I should say that there's nothing fundamentally wrong with the concept of search engine optimization (SEO). Really. After all, at its core, it's just about capitalizing on communicating your message well, putting your most important copy front and center, and getting others to link to you and recognize you as an authority on the topic. But like any system used to ultimately feed profits, it's frequently gamed and seemingly peripheral aspects of it are exploited in ridiculous ways. This isn't a new problem by any means, but the rise of spamdexing and the success of the content farm as a business model is particularly disturbing. And growing with a sick velocity.

For example, just this last week Demand Media, perhaps the most infamous content farm of all time, IPOed with a valuation of 1.5 billion. In a nutshell, Demand and other content farms identify topics with high advertising potential using an algorithm that takes search query data and bids on advertising auctions into account, and then produces content to satisfy that criteria. Almost a million pieces of content a month are created by Demand alone. Some of those items are for its own sites (eHow, Trails.com, Cracked.com) but many are for other mainstream sites such as YouTube as well.

The problem isn't that they're creating tailored content as much as it is that the content created isn't high quality, and usually isn't what you want to find when you search for "cat log messages". But it's effective.
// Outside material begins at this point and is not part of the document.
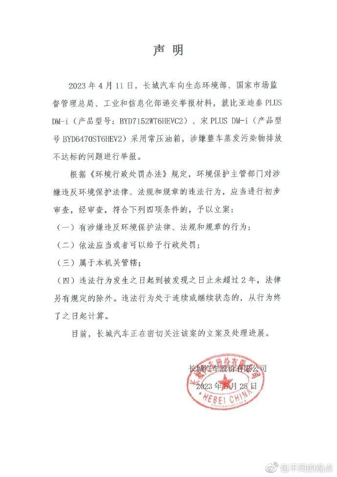 声明称,长城汽车已经于4月11日向生态环境部、国家市场监督管理总局、工业和信息化部递交举报材料,就比亚迪秦PLUS DM-i、宋PLUS DM-i采用常压油箱,涉嫌整车蒸发污染物排放不达标的问题进行举报。

And it's happening more and more in niche focus areas too, sometimes with even less value than the content that is explicitly produced by Demand's low-paid freelancers.

Take, for example, efreedom.com, which pretty much exclusively republishes content from StackOverflow. I don't know about you, but as a developer, I'm frequently using Google as a debugging tool when I run into some sort of new esoteric new error message or fault (more frequently than usual lately, as I'm still coming up to speed on Android). StackOverflow is a fantastic repository of questions and answers (which I should probably be searching directly), and more often than not it has the answer that I want, but efreedom seems to almost always manage to have a higher-ranked search result than the original content that they're repurposing. I still get the answer I'm searching for, but I'd argue that at best this is disingenuous and frustrating. It doesn't help that efreedom is poorly designed and difficult to navigate, either.
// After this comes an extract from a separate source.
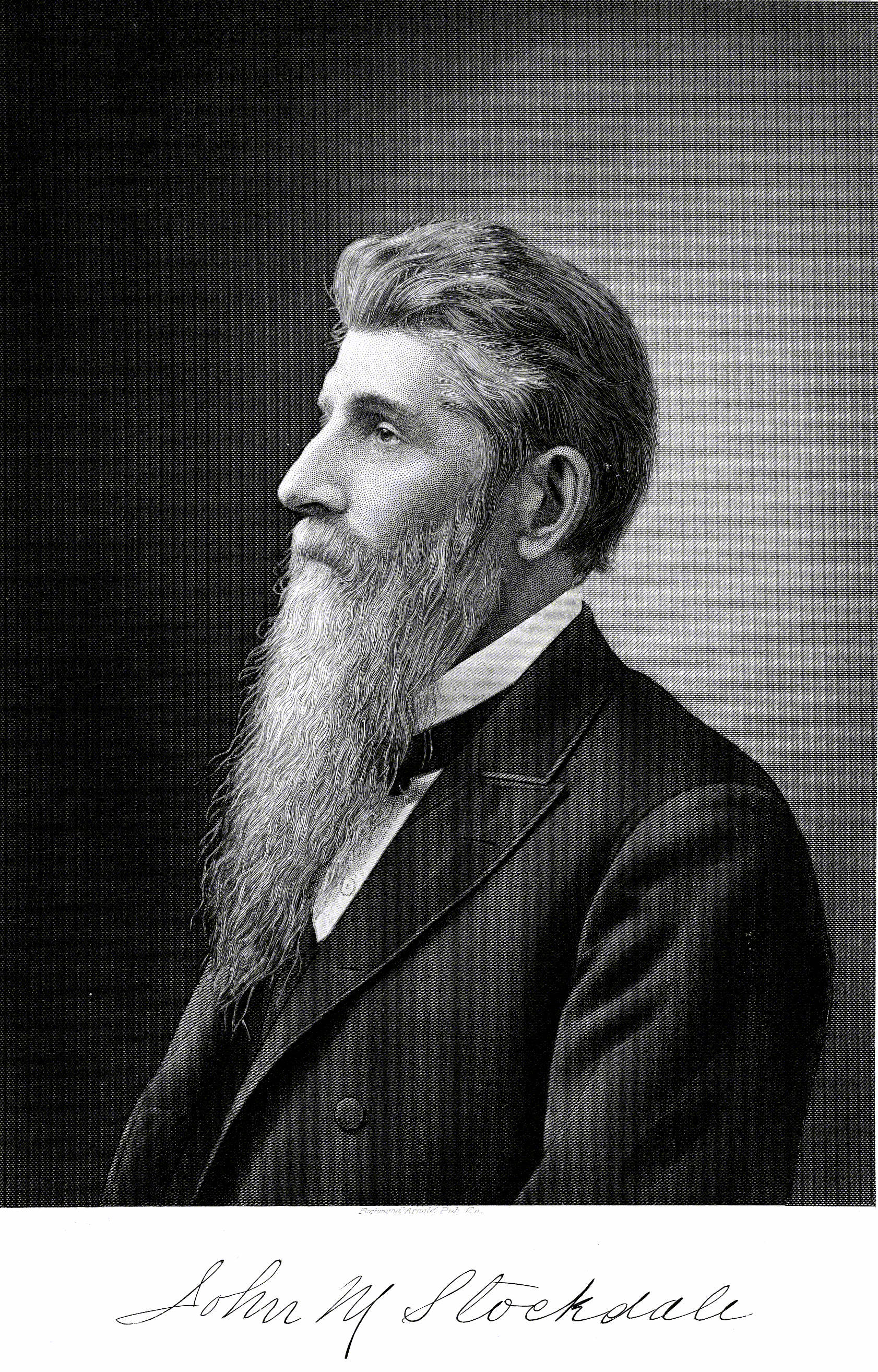 He was born and reared on the farm, was sent to an academy to prepare for college, and graduated from Washington College in 1849. He studied law with T. M. T. McKennan, and his son Judge William McKennan, of Washington, Pennsylvania, and was admitted to practice in 1852. In 1853 he became the owner and editor of the Waynesburg (Greene county) Messenger, the only Democratic newspaper in the county. In 1854 he was elected, on the Democratic ticket, to represent Greene county in the State Legislature, and was re-elected in 1855. In 1856 he went to the Northwest for recreation and health, but became connected with business matters in Fort Dodge, on the Des Moines river, Iowa, and remained there until 1865. In the meantime he was appointed (in 1857) Register of the Government Land Office in Fort Dodge, which he held until July, 1861. During his residence there he dealt very largely in real estate, having bought and sold more than two hundred thousand acres of land, as the records show; but the Civil war depressed or destroyed, for the time, nearly all land values in the Northwest, and made real estate a hazardous investment. In 1863 Mr. Stockdale, in his absence, was nominated for the State Senate from his district in Iowa, but declined to accept the nomination. In 1864 he was an elector on the McClelland ticket. In 1865 he removed to the city of Baltimore, where he engaged in the wholesale drug trade in the well-known house of Stockdale, Smith & Co., on the corner of Howard and German streets, and also in a Petroleum Oil Refinery near the shipping wharves, until the Standard Oil Co., by methods now well known, secured control of all pipe lines and means of transportation, including heavy special rebates that crushed all competitors. In 1881 Mr. Stockdale removed to Washington, Pennsylvania, and published the Review and Examiner until 1886 when he retired from journalistic work and entered a law office in Washington. In 1884 he received the nomination of the Democratic party for Congress in a District embracing Washington, Beaver and Lawrence counties. In 1883, when the project was untested by experience, he applied for and secured a State Charter, for the transportation and consumption of natural gas for "heat and light." The prosecution of the project by a company of enterprising citizens resulted in the development of natural gas and oil in the immediate vicinity. [BRWC, 393]

It seems clear that the web, or at least, search on the web, is suffering from a major spam problem. Although Google suggests that it's results are more accurate than ever, the overall feeling of satisfaction I get from typical search results has certainly decreased over the last year or two. Google engineers recognize this low-quality content problem of course, and are working on solutions. But can small tweaks be made to the existing rank algorithms to handle these seemingly legitimate scenarios? Or is a whole new strategy required?

New search engines like Blekko are banking on the latter. By leveraging "slashtags" or context groupings, and allowing users to categorize and curate content for others, Blekko is trying to push crowdsourced search annotations into the mainstream, while cutting down on spam.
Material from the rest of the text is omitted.